#### BRIEF
For the records below, report how many lines include the word "coverage". Only the number should appear.

*** AVAILABLE RECORDS Section Begins ***

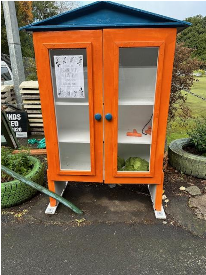
GHub's Pataka Kai. If you have spare food or would like to donate, please add food to share with others
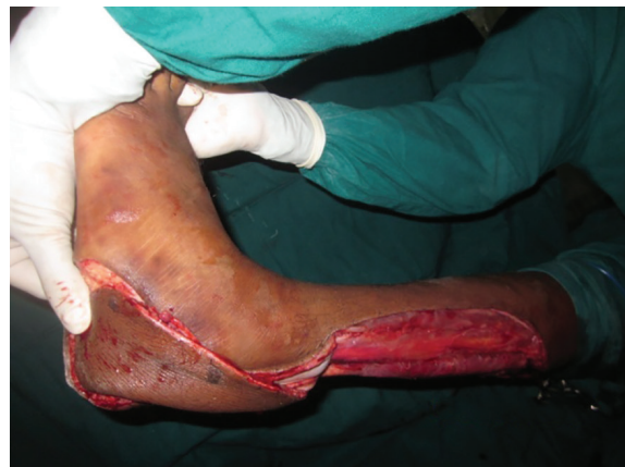
Fig. 7: Wide local excision with reverse peroneal artery flap coverage. Peroneal vessels seen in the flap.

There were minor problems at the donor site over the lower tendoachilles (graft loss) area in 3 patients, were covered with the reversal of left flap after final inset on postoperative day 18 th (Figure 8). In one patient deep infection settled down which leads to 4 cm exposed lower fibular segment. The wound was debrided and 5 cm of bone removed with left flap coverage on 18 th day. All donor sites completely healed in 4 weeks. There was no need of re-grafting in any patient. After 7-10 days of primary surgery, patient discharged and followed after 18 days for final inset.
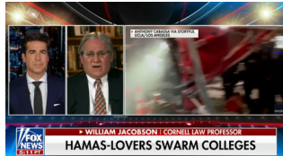
FOX: Jesse Watters Primetime
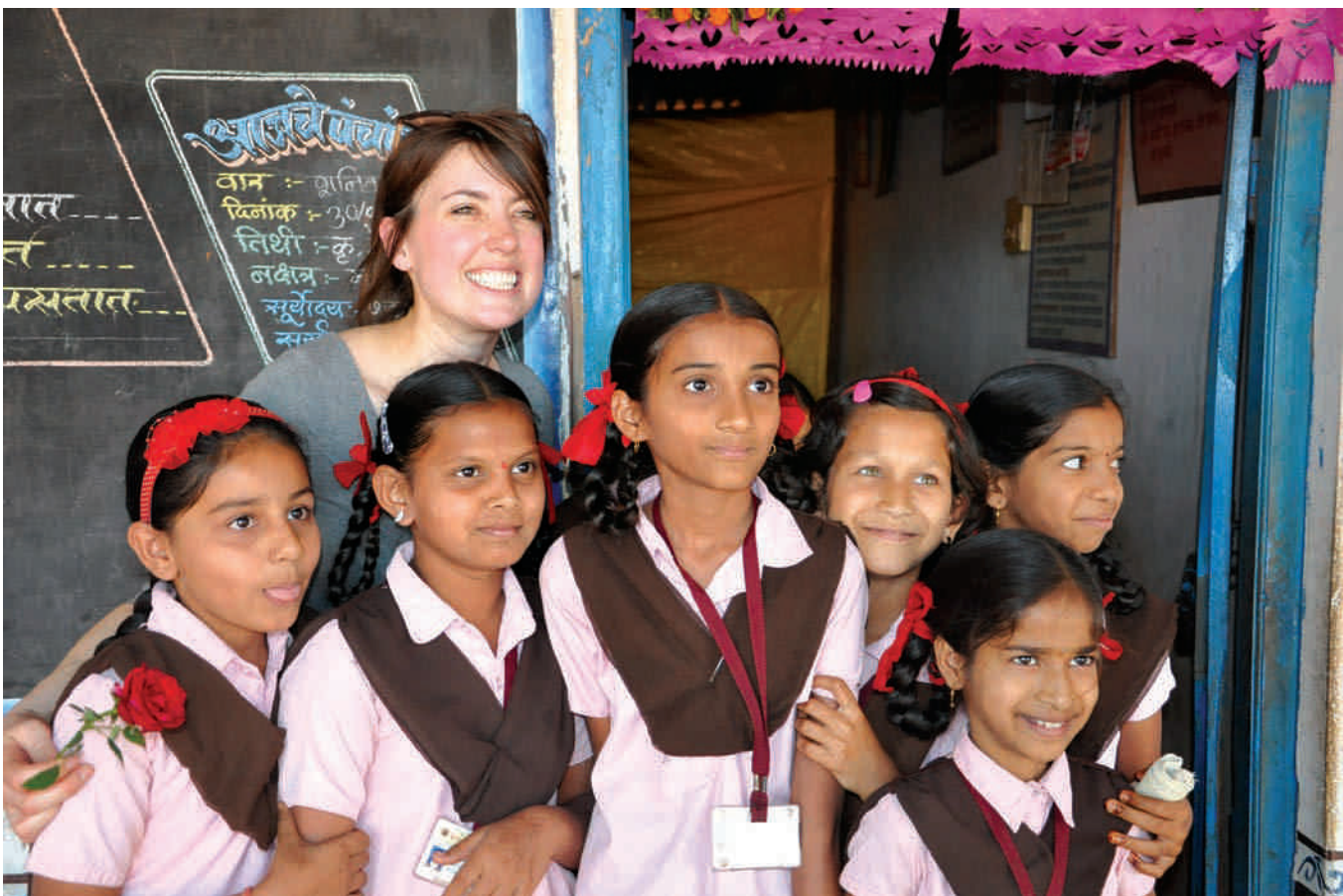
School Visit by UK Team at Kosumb (Tal. Samgmeshwar, Dist. Ratnagiri)
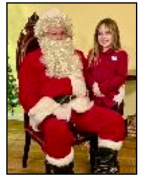
Supper with Santa!

*** AVAILABLE RECORDS Section Ends ***

#### OUTPUT OF THE TASK
2